- **Task to carry out**:
Your output should be the lines from the one with "(incluye los espacios)." through the last line of the records below, exactly as written, minus the pictures.

(Stored items)
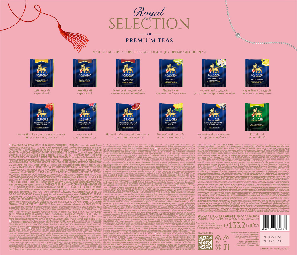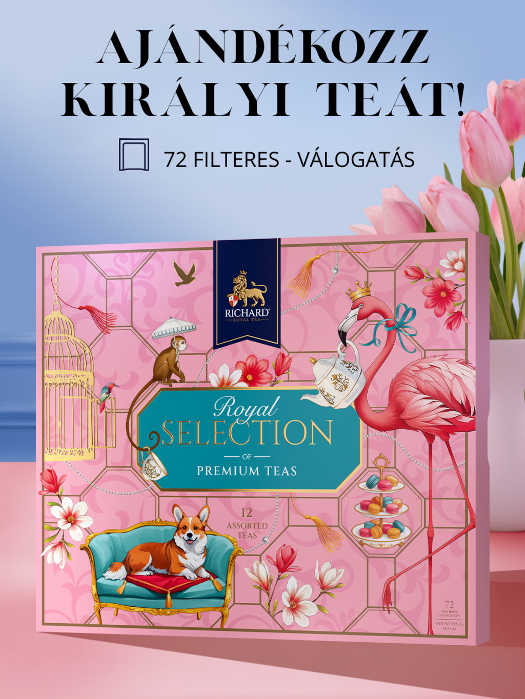 A Richard Royal Tea Kollekció legkelendőbb fekete- és zöld teák válogatása egy mutatós dobozban, mely 72 filtert tartalmaz. Ez egy értékes ajándék és kiváló összeállítás egy nagy társaságnak, barátaidnak, családtagoknak, szeretteidnek, főnöködnek. Vagy lepd meg magadat ezzel a teaválogatással, de esetleg kávézódban is megállja helyét a pultodon.
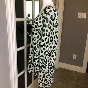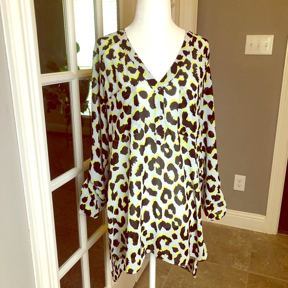 This lightweight nearly sheer animal print top is a show stopper! Such a fun top! Hints of yellow accents makes it very unique. Pockets and buttons in the front (v-neck). Back is longer than the front. Sleeves can be buttoned/rolled up with side button straps.
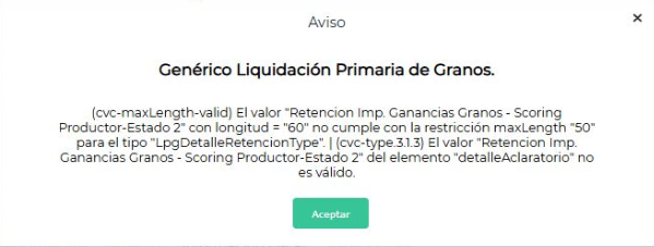 “Retencion Imp. Ganancias Granos - Scoring Productor-Estado 2”, tiene 60 caracteres (incluye los espacios).
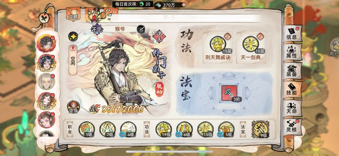 1.输出金猴:平民建议把飞升前的土猴转成金猴带免费的刑天➕天一(这两攻法用途也比较广泛),3阶法宝用金骨或者金庚精,后续要出的四阶可以留意下金叶。至尊宝是一个很万金油的角色,爬塔,后山灵阵,五行圣殿火土金灵根,仙墟,基本各种日常玩法都有上阵位置。
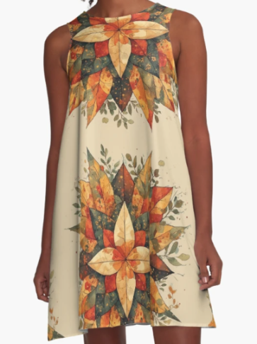 Fun and colorful autumn colored star design on a A-Line Dress.

- **Answer to the exercise**:
 “Retencion Imp. Ganancias Granos - Scoring Productor-Estado 2”, tiene 60 caracteres (incluye los espacios).
 1.输出金猴:平民建议把飞升前的土猴转成金猴带免费的刑天➕天一(这两攻法用途也比较广泛),3阶法宝用金骨或者金庚精,后续要出的四阶可以留意下金叶。至尊宝是一个很万金油的角色,爬塔,后山灵阵,五行圣殿火土金灵根,仙墟,基本各种日常玩法都有上阵位置。
 Fun and colorful autumn colored star design on a A-Line Dress.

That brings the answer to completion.